Expectations for movement on justice reform had been high, but sources tell NPR that concrete language on sentencing and criminal justice overhauls is still being hotly debated behind closed doors. (AP)
Expectations for movement on justice reform had been high, but sources tell NPR that concrete language on sentencing and criminal justice overhauls is still being hotly debated behind closed doors. (AP)

Advocates and inmates working to overhaul the criminal justice system will have to wait at least a little longer for congressional action.

The Republican leader of the Senate Judiciary Committee, Charles Grassley, said he won't hold a public event on sentencing reform proposals until after the August recess, as language is still being drafted by a bipartisan working group. And in the U.S. House, lawmakers and their aides will spend at least the next five weeks making adjustments to a sweeping bill sponsored by 40 Democrats and Republicans, sources told NPR Friday.

Expectations for movement on justice reform had been high, in part because of political support from libertarian-leaning Republicans, liberal Democrats and interest groups ranging from Koch Industries to the American Civil Liberties Union.

Earlier this week, Texas Sen. John Cornyn, a member of the GOP leadership team, suggested that a hearing and markup on proposals could be imminent.

"This seems to be another area where there's a lot of common ground, where a lot needs to be done, and I'm reassured by the bipartisan support we've seen, an optimism that we can get something important done," Cornyn said Tuesday.

But multiple sources from Capitol Hill, the executive branch and the advocacy community said concrete language on sentencing and criminal justice overhauls is still being hotly debated behind closed doors in both the Senate and the House. The Obama administration, including Deputy U.S. Attorney General Sally Yates, has been pressing to relax mandatory minimum sentences for certain drug crimes.

Yates discussed the idea last week at a bipartisan reform summit, telling the audience: "At its core, one of the basic problems with the mandatory minimum system is that it's based almost exclusively on one factor — drug quantity. And so we have a hard time distinguishing the cartel leader who needs to be in prison for a long time from the low-level mope who doesn't."

Vermont Sen. Patrick Leahy, the highest-ranking Democrat on the Judiciary Committee, went even farther at that event. "I consider ending mandatory minimums a moral calling," Leahy said, citing data that minorities are disproportionately subjected to those tough penalties.

The principles on the table now in the Senate would not eliminate all mandatory minimums, and, in fact, some Republicans are pressing to create new ones, for other crimes. Another key issue is how the bill will come to define crimes of "violence," which could exclude thousands of prisoners from taking advantage of the legislative changes.

And in the House, a massive bill called the SAFE Justice Act, co-sponsored by Reps.
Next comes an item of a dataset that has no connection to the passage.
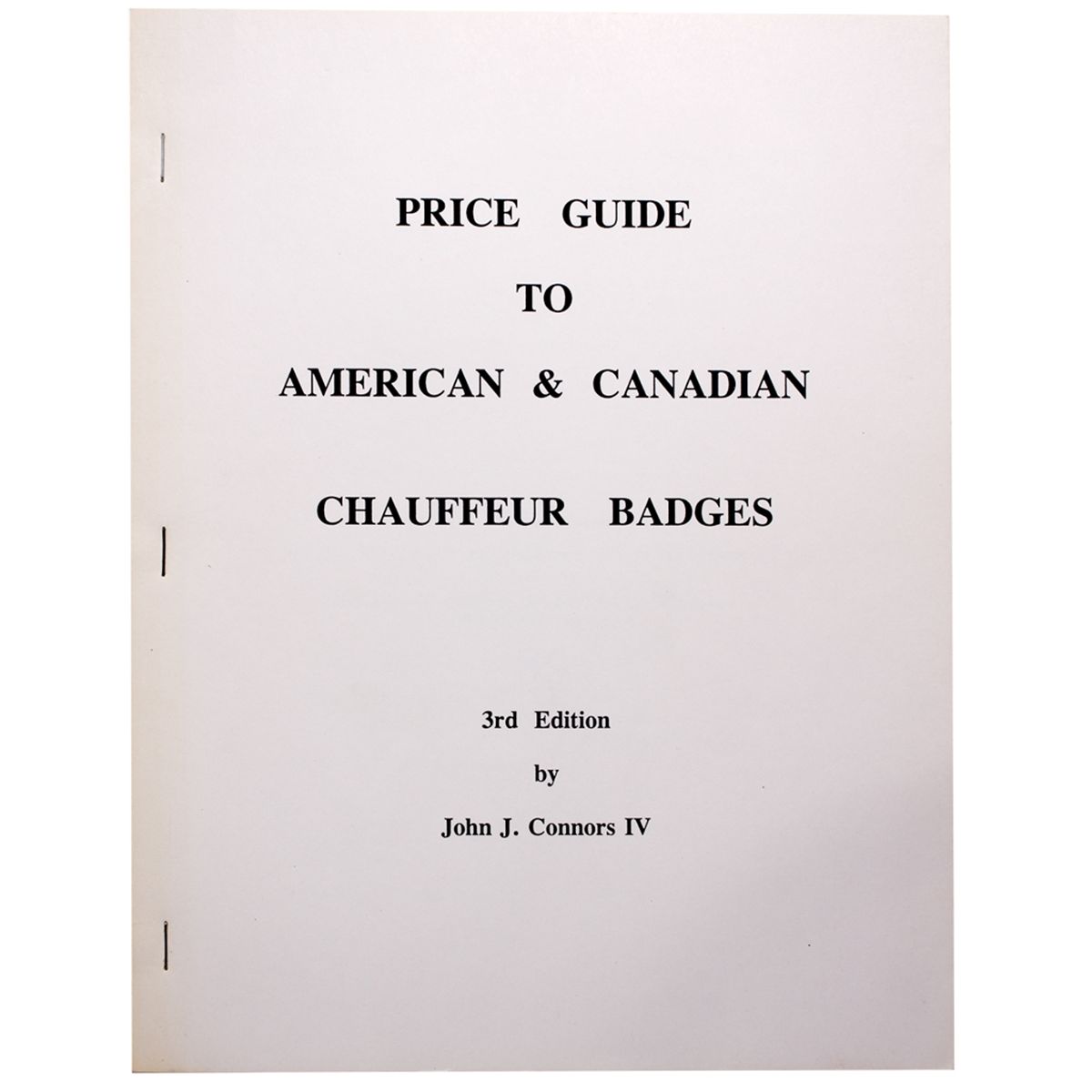 Connors IV, John J. Price Guide to American and Canadian Chauffeur Badges. With 14pp. Of the history of chauffeur badges and licenses in North America. Covers each American state and Canadian province with brief backgrounds and associated values for badges used there. This is No. 89 of the Third Ed., 1990. 124 pp. Soft cover/staple bound. 8.5" x 11". - Vinegar Collection

Bobby Scott, D-Va., and James Sensenbrenner, R-Wis., got a boost this month when House leaders confirmed it would get time on the floor this year. But what the bill will look like by then is an open question, after the Justice Department and some police groups expressed concerns about its scope. Lawmakers are working to tweak the language over the next couple of months.

Congressional sources say they're moving carefully, to avoid falling into the same traps as they did in debate over the landmark 1994 crime bill, which imposed tough mandatory criminal penalties on defendants, incentivized states to build more jails and prisons, and barred inmates from being awarded grants to pursue education. All of those issues are now being rethought, more than two decades later.